[[ Records for this task, beginning ]]

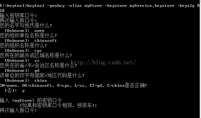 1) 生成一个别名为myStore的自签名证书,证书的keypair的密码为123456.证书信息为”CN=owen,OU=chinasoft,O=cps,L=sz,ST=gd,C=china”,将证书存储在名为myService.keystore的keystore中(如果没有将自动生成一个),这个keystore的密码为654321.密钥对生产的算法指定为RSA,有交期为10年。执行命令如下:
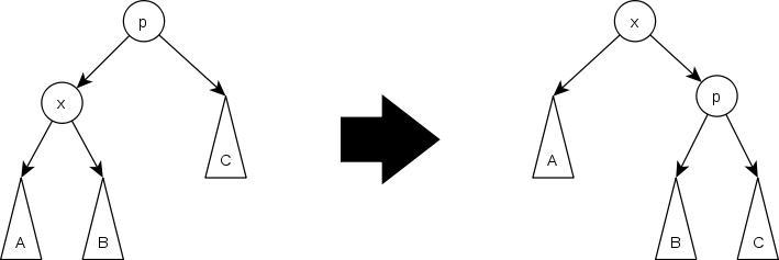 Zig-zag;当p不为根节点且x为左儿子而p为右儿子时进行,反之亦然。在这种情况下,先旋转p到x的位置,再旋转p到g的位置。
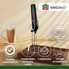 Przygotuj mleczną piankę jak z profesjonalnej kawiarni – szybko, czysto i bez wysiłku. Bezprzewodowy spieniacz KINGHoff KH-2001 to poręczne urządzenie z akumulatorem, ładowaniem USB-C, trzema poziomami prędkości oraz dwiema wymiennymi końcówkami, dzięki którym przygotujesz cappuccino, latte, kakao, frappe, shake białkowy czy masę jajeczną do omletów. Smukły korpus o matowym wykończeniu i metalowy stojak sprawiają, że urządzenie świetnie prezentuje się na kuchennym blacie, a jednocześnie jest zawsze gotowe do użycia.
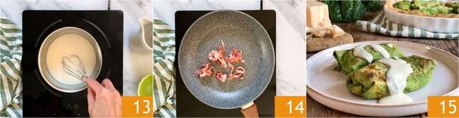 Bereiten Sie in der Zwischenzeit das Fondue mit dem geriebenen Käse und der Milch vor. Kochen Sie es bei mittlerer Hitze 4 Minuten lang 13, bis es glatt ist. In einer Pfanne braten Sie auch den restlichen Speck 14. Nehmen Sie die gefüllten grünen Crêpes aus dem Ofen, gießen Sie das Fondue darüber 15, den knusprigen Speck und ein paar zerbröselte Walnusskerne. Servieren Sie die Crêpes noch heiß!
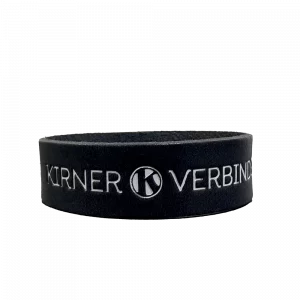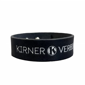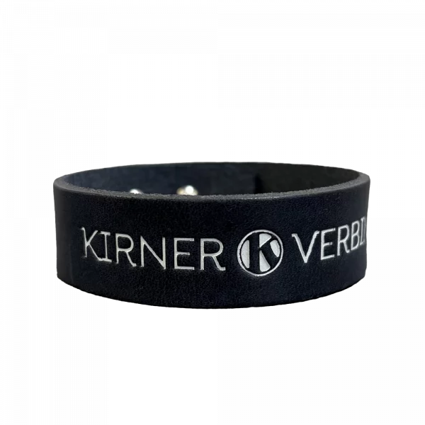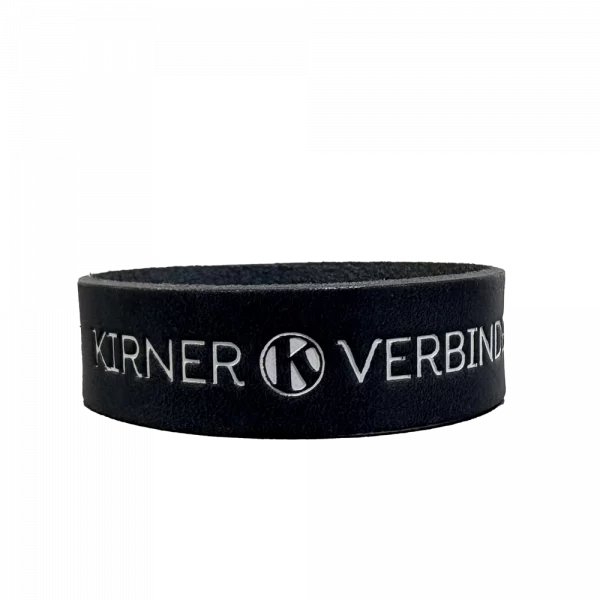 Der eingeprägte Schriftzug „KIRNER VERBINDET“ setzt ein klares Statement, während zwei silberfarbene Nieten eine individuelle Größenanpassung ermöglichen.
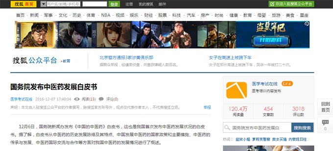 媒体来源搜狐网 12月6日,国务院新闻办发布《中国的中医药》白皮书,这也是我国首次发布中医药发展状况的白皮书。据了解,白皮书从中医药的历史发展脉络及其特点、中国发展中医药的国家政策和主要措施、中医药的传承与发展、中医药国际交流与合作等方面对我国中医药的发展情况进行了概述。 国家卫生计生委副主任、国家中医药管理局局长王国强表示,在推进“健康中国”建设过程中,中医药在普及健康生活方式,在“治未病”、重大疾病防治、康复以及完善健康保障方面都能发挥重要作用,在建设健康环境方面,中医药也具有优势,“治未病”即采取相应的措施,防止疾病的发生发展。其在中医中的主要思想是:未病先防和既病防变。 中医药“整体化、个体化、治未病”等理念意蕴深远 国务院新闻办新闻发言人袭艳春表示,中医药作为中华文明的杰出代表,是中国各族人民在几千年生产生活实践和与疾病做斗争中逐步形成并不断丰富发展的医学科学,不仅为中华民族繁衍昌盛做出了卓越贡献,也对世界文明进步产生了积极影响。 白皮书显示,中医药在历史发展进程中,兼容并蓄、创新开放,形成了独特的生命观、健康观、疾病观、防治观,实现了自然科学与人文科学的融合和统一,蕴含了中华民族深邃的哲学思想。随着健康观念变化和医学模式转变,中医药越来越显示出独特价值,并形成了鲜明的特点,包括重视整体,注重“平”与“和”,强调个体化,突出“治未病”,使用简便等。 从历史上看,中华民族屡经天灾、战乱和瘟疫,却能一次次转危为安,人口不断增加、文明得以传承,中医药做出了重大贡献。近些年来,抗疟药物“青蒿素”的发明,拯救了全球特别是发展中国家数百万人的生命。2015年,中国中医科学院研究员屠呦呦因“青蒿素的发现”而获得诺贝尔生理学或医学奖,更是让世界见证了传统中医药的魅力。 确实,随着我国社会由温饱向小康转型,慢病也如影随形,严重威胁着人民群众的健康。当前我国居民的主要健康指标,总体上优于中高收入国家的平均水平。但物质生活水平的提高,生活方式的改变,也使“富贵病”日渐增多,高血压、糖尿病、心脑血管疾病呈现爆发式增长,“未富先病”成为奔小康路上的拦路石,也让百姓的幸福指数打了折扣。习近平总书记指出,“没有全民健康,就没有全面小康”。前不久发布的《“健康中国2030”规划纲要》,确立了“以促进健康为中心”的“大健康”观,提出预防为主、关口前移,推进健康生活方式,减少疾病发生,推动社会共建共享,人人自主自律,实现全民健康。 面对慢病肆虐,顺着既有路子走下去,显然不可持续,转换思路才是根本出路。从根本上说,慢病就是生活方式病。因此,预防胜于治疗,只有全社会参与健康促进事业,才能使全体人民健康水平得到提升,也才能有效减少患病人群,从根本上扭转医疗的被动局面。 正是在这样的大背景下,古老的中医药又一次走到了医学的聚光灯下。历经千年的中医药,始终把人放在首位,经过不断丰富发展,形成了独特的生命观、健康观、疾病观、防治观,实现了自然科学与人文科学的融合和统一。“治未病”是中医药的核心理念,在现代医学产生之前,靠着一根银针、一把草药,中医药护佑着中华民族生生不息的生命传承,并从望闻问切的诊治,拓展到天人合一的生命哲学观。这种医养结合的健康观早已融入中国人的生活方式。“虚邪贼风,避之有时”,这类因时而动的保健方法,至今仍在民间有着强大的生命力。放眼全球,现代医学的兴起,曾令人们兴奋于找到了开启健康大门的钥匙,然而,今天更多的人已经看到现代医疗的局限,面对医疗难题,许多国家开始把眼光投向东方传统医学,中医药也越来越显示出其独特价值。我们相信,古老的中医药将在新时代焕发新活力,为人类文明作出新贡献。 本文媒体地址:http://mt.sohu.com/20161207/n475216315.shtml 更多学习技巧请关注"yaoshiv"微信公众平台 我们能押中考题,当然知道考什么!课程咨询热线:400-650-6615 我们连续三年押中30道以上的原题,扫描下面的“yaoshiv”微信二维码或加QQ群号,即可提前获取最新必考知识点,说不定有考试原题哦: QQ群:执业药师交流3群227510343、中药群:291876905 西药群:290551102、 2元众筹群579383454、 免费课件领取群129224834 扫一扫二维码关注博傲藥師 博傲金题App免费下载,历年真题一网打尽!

[[ Records for this task, end ]]

Working from the data above, repeat exactly, and only, the lines that begin at the line containing "Zig-zag;当p不为根节" and stop after the line containing "Der eingeprägte Schriftzug"; pictures are not copied.

 Zig-zag;当p不为根节点且x为左儿子而p为右儿子时进行,反之亦然。在这种情况下,先旋转p到x的位置,再旋转p到g的位置。
 Przygotuj mleczną piankę jak z profesjonalnej kawiarni – szybko, czysto i bez wysiłku. Bezprzewodowy spieniacz KINGHoff KH-2001 to poręczne urządzenie z akumulatorem, ładowaniem USB-C, trzema poziomami prędkości oraz dwiema wymiennymi końcówkami, dzięki którym przygotujesz cappuccino, latte, kakao, frappe, shake białkowy czy masę jajeczną do omletów. Smukły korpus o matowym wykończeniu i metalowy stojak sprawiają, że urządzenie świetnie prezentuje się na kuchennym blacie, a jednocześnie jest zawsze gotowe do użycia.
 Bereiten Sie in der Zwischenzeit das Fondue mit dem geriebenen Käse und der Milch vor. Kochen Sie es bei mittlerer Hitze 4 Minuten lang 13, bis es glatt ist. In einer Pfanne braten Sie auch den restlichen Speck 14. Nehmen Sie die gefüllten grünen Crêpes aus dem Ofen, gießen Sie das Fondue darüber 15, den knusprigen Speck und ein paar zerbröselte Walnusskerne. Servieren Sie die Crêpes noch heiß!
 Der eingeprägte Schriftzug „KIRNER VERBINDET“ setzt ein klares Statement, während zwei silberfarbene Nieten eine individuelle Größenanpassung ermöglichen.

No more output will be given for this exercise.